• Central Michigan, Eastern Michigan, Northern Michigan and Western Michigan universities, along with Michigan State, will participate in a two-year initiative to improve teacher preparation 
  • The initiative, a partnership with the Michigan Educator Workforce Initiative, is based on the best practices of a model in Arkansas
  • Each university will get $100,000 award over two years 

Five public universities in Michigan are teaming up to tackle the state’s teacher shortage. 

The universities will participate in a new two-year statewide initiative to improve teacher preparation, recruitment, retention and quality in a collaboration with the nonprofit Michigan Educator Workforce Initiative.

The Education Preparation Provider Collaborative will include Central Michigan University, Eastern Michigan University, Michigan State University, Northern Michigan University and Western Michigan University. 

The effort aims to be responsive to school districts’ needs for teachers while also offering more flexible and affordable pathways to the teaching profession.

Its goal, officials said Thursday, is to strengthen the state’s talent pipeline.

Related:

According to a newly released report, Michigan’s teacher workforce is churning at an unsustainable rate, forcing districts to rely increasingly on instructors with temporary or interim credentials. 

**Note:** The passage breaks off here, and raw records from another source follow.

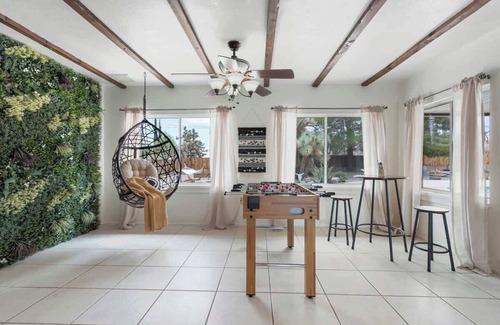 The Cactus House is ideally situated near the breathtaking landscapes of Joshua Tree National Park, making it the perfect wedding accommodation for you and your guests. This exquisite 4-bedroom home offers a unique desert oasis where memories can blossom and love can shine.
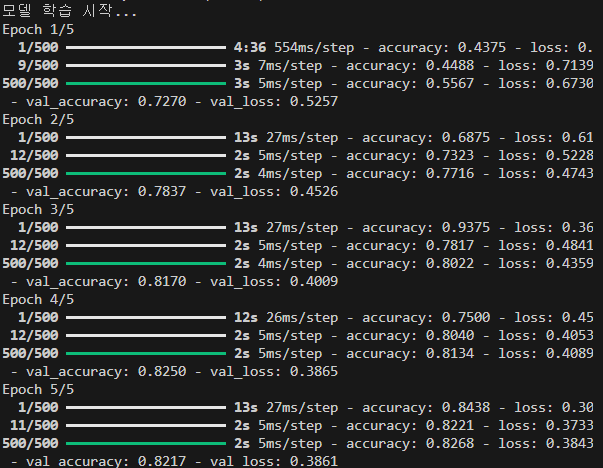 현재 각각 10000개의 데이터를 학습시켰고 모델 학습 시간은 대략 11초 정도가 걸리는 것 같다.
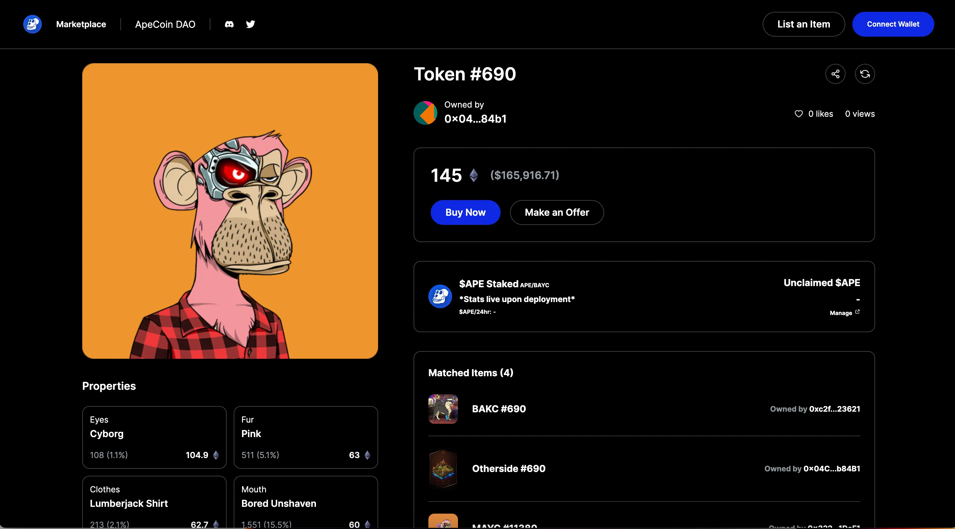 The other potential benefits come with deeper Bored Ape ecosystem integration than typical NFT marketplaces. The ApeCoin marketplace will show ApeCoin staking details for any listed NFT, for example, as well as highlight the matching-numbered NFTs across Yuga’s projects. It’ll also tell shoppers whether a Bored Ape has used a Serum NFT to yield a Mutant Ape NFT.
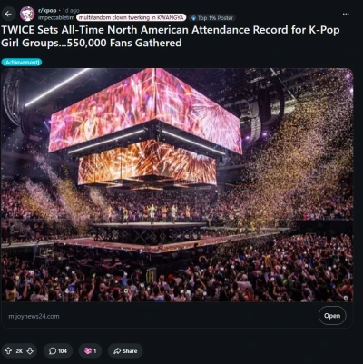 ▼「これが当たり前のことだと思わない方がいい。TWICEみたいなグループは、何世代かに1組だ。55万人はクレイジーだ。第4世代(IVE, aespa, Le Sserafim, itzy, babymonster)の北米ツアーチケットを合計して、2倍にしても55万人にならない」
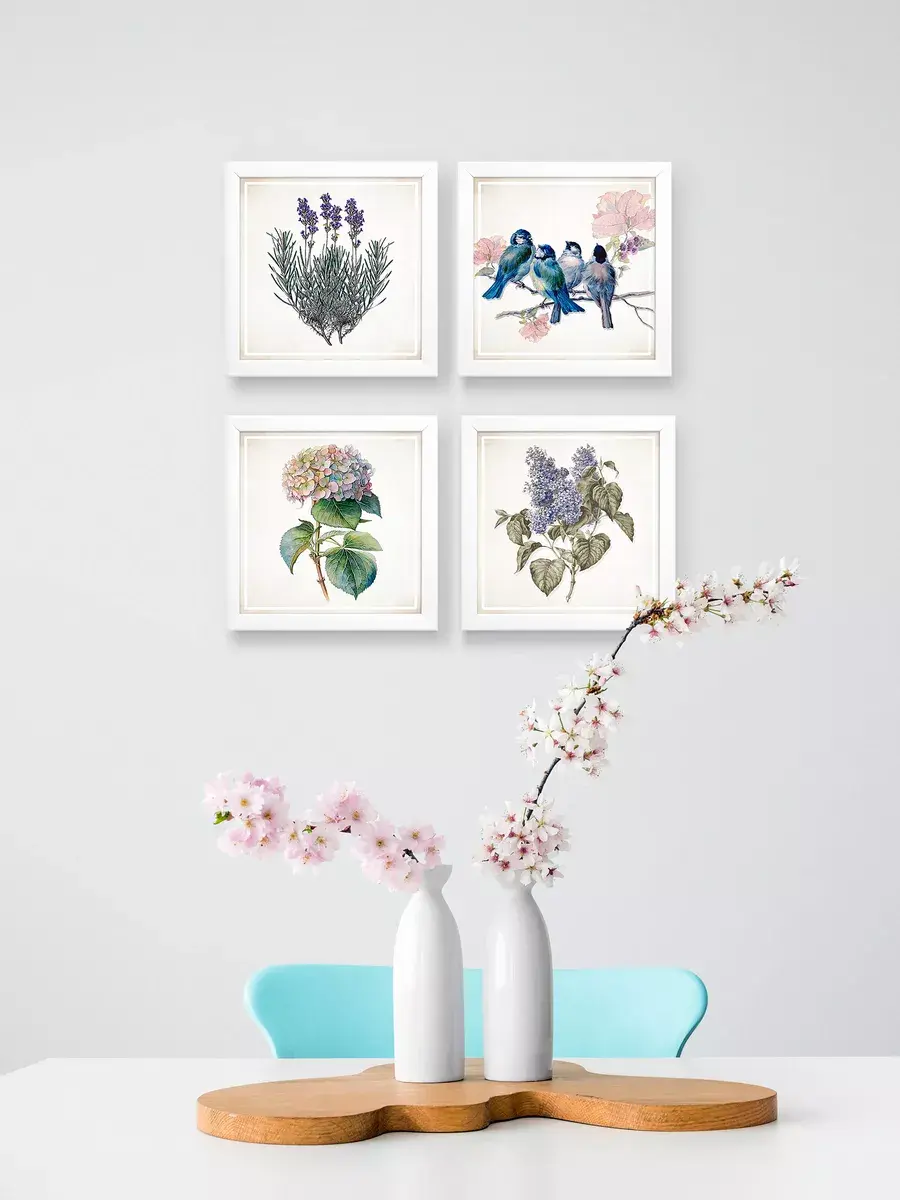 Набор из четырех картин на натуральном холсте. Размер каждой картины 22х22 см. Настенный декор в раме, это современный способ украсить стены вашего дома и расслабить Вас после работы, атмосфера релакса, уюта и тепла. Картина напечатана в высоком разрешении на натуральном холсте, покрыта матовым лаком, размер холста 19х19 см, размер с рамой 22х22 см. В комплекте шуруп с дюбелем и зубчатый крепеж на раме. Рама из полиуретана белого цвета. Картины предназначены для создания коллекций в гостиной, детской, прихожей, спальне или кухне. Украшение для дома и дачи, подарок в дом друзьям и коллегам. Картины упакованы в пакет и коробку.

The report, from the Education Policy Innovation Collaborative at Michigan State University, found that in 2024-25 about 8,000 teachers entered the field in Michigan. But 7,900 teachers exited during that time. 

Nearly 3% of full time equivalent teaching positions in Michigan were vacant in 2024-25, according to the report. The highest vacancies were in urban districts and those where most students are economically disadvantaged.

Focus on teacher prep

Michigan’s teacher shortage is critical, and needs of school districts are changing, said Jack Elsey, CEO and founding partner of Michigan Educator Workforce Initiative.

“Districts are expecting more and different from our teachers from literacy and math instruction to working with colleagues to how teachers analyze data to better inform their instruction,” Elsey said Thursday during a virtual roundtable discussion.

“And yet, the vast majority of teachers in this state are developed in the traditional way by attending a university-based educator preparation program … the collaborative is supporting some of the state’s largest education (programs) to innovate and improve new teacher development across a number of areas including cost, access, retention rates, practical experiences and more.”

There have been strategic shifts and approaches made across the nation to address the teacher shortage, Elsey said, but this collaborative is based on the best practices of a model in Arkansas, which was experiencing a teacher shortage.  

It will introduce “scalable, high-quality models” for teacher preparation by establishing partnerships between teacher preparation programs and pre-K-12 districts, officials said. 

The Michigan Educator Workforce Initiative will pay each participating university $100,000, using funds allocated by the state.

“If all Michigan students are going to be successful readers, problem solvers and have access to post-secondary and career success, meeting those goals starts with how we prepare teachers,” said Ryan Gildersleeve, dean of the Eastern Michigan University College of Education.

The two-year process aims to revitalize educator preparation programs.

“We’re excited to learn from and deepen our collaboration with school districts to create tighter connections and feedback loops to schools not just to ensure that our teacher candidates secure a job when they graduate,” said WMU president Russ Kavalhuna, “but to ensure our program is being responsive to the skills and habits teachers need to be successful. School districts know what they are looking for, and we want to be a strong provider of talent for them.”